SNAPComms

From RepRap
Revision as of 12:25, 17 February 2007 by AdrianBowyer (talk) (version migrated from twiki)
(diff) ← Older revision | Latest revision (diff) | Newer revision → (diff)
Jump to: navigation, search

The SNAP communications protocol in the PIC firmware

This is just a cut-and-paste from Simon's comments in the code.

Implementation of interrupt driven SNAP communications routines for use in a token ring configuration. Being completely interrupt driven improves performance and simplifies development of the core logic in each device. This is not really a true token ring in that there is no token frame and the procedure for ring insertion etc. is trivial -- it is however a network with ring topology.

Overview/notes:

A receive buffer accepts payload data as it arrives. Upon completion, a global flag is set that acts as a lock to prevent further receives occuring until the lock is removed. If a receive does occur, but it is for somebody else, it is passed onto the next node in the loop. If the receive is for ourself then we fail and NAK the packet so that it will be re-sent at a time we can hopefully act on it.

The lock flag also indicates to the main loop that data is awaiting and the main loop is responsible for calling any processing on the data. It is not called directly by the ISR to prevent re-entrancy problems. The act of receiving the byte will wake the CPU and allow it to check for the present of the lock. After processing is complete it may sleep if it wishes. It will be woken after every byte is received but can just repeatedly sleep again if it likes.

The main loop that is acting on the lock flag must process the command and send any necessary data. It must also wait for an ACK or NAK before finally removing the lock and allowing further receives.

When sending any packet (including ACK or NAK packets), a timeout is started. If the timeout expires, the response is considered to be a NAK and the ACK/NAK is resent. The timeout should be generous enough to allow for full ring propagation with worst-case delays. If the packets comes back to the sender, it is also treated as a NAK. An error counter should limit the number of re-sends before dropping the packet and returning an error.

When data is received, only the payload is available to the main loop. A copy of the source address is also saved until the lock is released. This allows replies to be sent regardless of other packets received or forwarded during processing.

For the moment, data packets will not have ACK/NAK piggybacked with them and each will be sent separately. This is because ACKs are automatically and immediately sent by the ISR routines before a response is even computed.

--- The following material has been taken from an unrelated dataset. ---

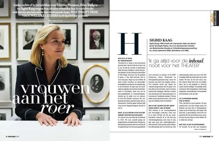 Krachtige interviews met vrouwelijke leiders Lilianne Ploumen, Dilan Yeşilgöz en Sigrid Kaag. Die laatste zegt: "Van mannen wordt nog steeds als vanzelf aangenomen dat ze gaan voor een plek in het torentje, maar vrouwen moeten het uitleggen. Mannen worden ook omschreven als 'gezinsmannen' en vrouwen als 'werkende moeders'. Ik ken alleen maar 'gezinsvrouwen', die er ook nog een fulltime baan bij hebben."
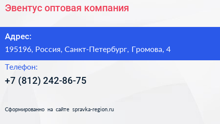 Эвентус, оптовая компания по адресу 195196, Россия, Санкт-Петербург, Громова, 4 в дальнейшем Организация, размещена в следующих категориях:

@todo NAKing a packet while busy should ideally send a special NAK that indicates busy as opposed to failed CRC, etc. This would allow a small pause before re-sending, rather than resending immediately and probably causing the same problem again.

General API:

- Main loop inspects processingLock flag. If set, it actions the data

 in buffer.

- A reply is optionally constructed by calling sendReply. This uses

 the saved source address to send appropriate header bytes.  Nothing
 much happens here because the header can't be constructed until
 the packet is complete (length is unknown).

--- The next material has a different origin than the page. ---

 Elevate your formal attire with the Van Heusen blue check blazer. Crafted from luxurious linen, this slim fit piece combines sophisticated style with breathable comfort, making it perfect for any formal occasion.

- Packet payload is sent by repeatedly calling sendDataByte

- The sending is completed by calling endMessage, which will

 send the actual packet by constructing a header, length, body and
 CRC for the message.

- awaitDelivery is called to wait for a response. A duplicate of

 the entire packet is kept in an additional buffer so that if a NAK
 arrives the same data can be re-sent without bothering the client.
 This method should do very little as the handling of this is
 interrupt driven.  If called, it will block until the delivery is
 complete and return fail/success.

- deliveryStatus returns the same information as awaitDelivery

 (except tristate values indicating still sending, success,
 failure).  This does not block however.

- When sending a new message rather than a reply, the sendMessage

 function is called with the destination address.

- Call releaseLock to indicate processing is complete amd allow

 any necessary cleanups.  If no ACK is received yet, this
 will block until it arrives.  If endMessage is not called,
 the packet is dropped.

In order for the routines to work the ISR must call the interrupt handler serialInterruptHandler()

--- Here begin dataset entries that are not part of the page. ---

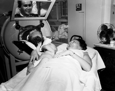 Twice a day, Mr. and Mrs. Lester Collier and their 4 month old baby son get together in a City-County Hospital Polio ward. All three were infected with polio and were admitted to the hospital only a few days apart. Published in Fort Worth Star-Telegram morning edition, August 22, 1951.
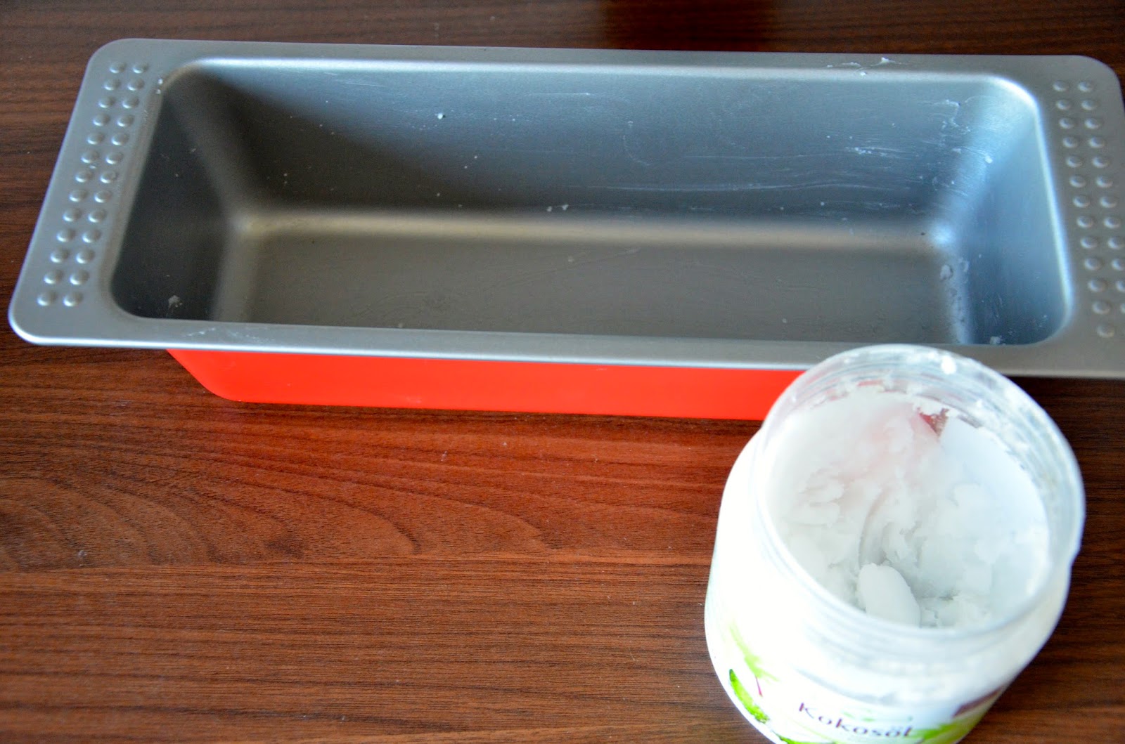 Rozgrzewamy piekarnik do 200 stopni. Smarujemy formę, w której będziemy robić nasze ciasto, olejem kokosowym.
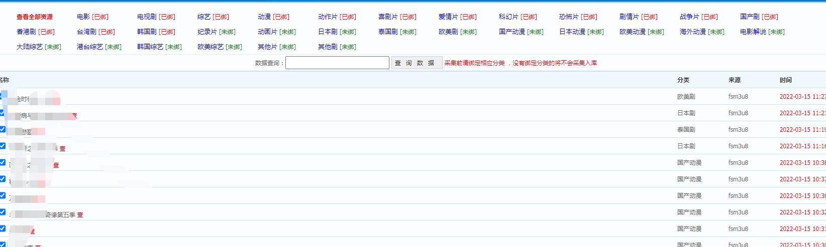 5、填写好后,点击刚刚添加的资源站,编辑绑定栏目

When we get a packet not destined for us or with headers we don't understand, we just pass them on. In theory, a corrupt packet could therefore just be passed on by everybody, forever. To get around this we could buffer the packet and check the CRC, then only send it on if all is well. However in doing so we greatly increase the latency. To prevent the possible long-term buildup of rogue packets it is assumed that there is a node in the ring (such as a more powerful PC) that will check things more thoroughly and mop up any problem packets that are cycling the network. By only having one such node in the network, the latency effects are minimised.

@todo An enhancement that may be needed is something to deal with too much data arriving. eg if fully occupied with incoming data and a local transmit is occasionally needed, eventually transmitting will block while waiting for the TSR to become free (it won't be able to contain all the outgoing data). This will mean received data is lost and the packet will become corrupted. However at least the next packet will also become corrupted. This situation should be detected and if anything arrives during blocking transmits, they should be cleanly dropped up until the packet ending. This improvement just decreases the number of lost packets, but is a little complex so it may or may not be worth doing. Also in most cases for a local transmit to be needed, there would also be a command received, which would be consumed leaving more buffer space. Also responses from slave devices are not expected to overwhelm the network so badly.


Problems with SNAP:

Error correction is optional. That means the flag itself could be corrupted and no error correction will take place. It should be mandatory and cover the header.

The destination address should occur sooner so packets can be passed on in the network as soon as possible to decrease latency (only relevant in a token ring situation).

The lengths are not continuous up to the sizes we want.

A lot of the other stuff is superfluous.

An ARP protocol like SMBus has might be nice.


-- Main.AdrianBowyer - 17 Feb 2007